_EXTRACTED RECORDS:_

※

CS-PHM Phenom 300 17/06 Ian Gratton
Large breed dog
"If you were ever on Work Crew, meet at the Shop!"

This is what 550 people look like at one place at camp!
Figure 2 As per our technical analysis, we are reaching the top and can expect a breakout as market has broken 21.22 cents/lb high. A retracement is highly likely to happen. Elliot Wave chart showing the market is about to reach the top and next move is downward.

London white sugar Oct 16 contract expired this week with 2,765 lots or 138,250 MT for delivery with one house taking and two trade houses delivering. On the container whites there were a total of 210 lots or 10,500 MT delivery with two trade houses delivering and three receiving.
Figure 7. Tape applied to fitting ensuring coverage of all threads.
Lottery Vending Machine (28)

※

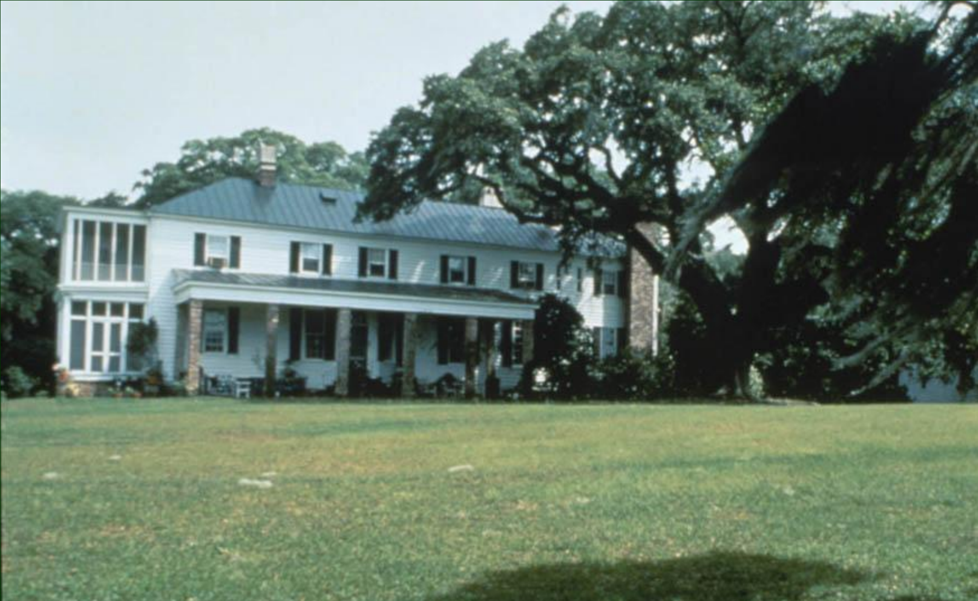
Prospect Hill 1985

※

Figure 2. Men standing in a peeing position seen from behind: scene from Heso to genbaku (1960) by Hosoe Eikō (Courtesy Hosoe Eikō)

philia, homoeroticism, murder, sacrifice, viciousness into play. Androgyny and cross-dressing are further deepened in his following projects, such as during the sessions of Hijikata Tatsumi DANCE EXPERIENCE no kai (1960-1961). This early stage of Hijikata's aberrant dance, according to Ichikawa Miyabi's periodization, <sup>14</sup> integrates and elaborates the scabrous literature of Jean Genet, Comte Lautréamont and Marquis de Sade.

※

_ASSIGNMENT:_ Where the listing above has a line with "CS-PHM Phenom 300 17/06 Ian Gratton", start there, and output every line exactly through the line with "Lottery Vending Machine (28)", which is also included.

_FINISHED TASK:_
CS-PHM Phenom 300 17/06 Ian Gratton
Large breed dog
"If you were ever on Work Crew, meet at the Shop!"

This is what 550 people look like at one place at camp!
Figure 2 As per our technical analysis, we are reaching the top and can expect a breakout as market has broken 21.22 cents/lb high. A retracement is highly likely to happen. Elliot Wave chart showing the market is about to reach the top and next move is downward.

London white sugar Oct 16 contract expired this week with 2,765 lots or 138,250 MT for delivery with one house taking and two trade houses delivering. On the container whites there were a total of 210 lots or 10,500 MT delivery with two trade houses delivering and three receiving.
Figure 7. Tape applied to fitting ensuring coverage of all threads.
Lottery Vending Machine (28)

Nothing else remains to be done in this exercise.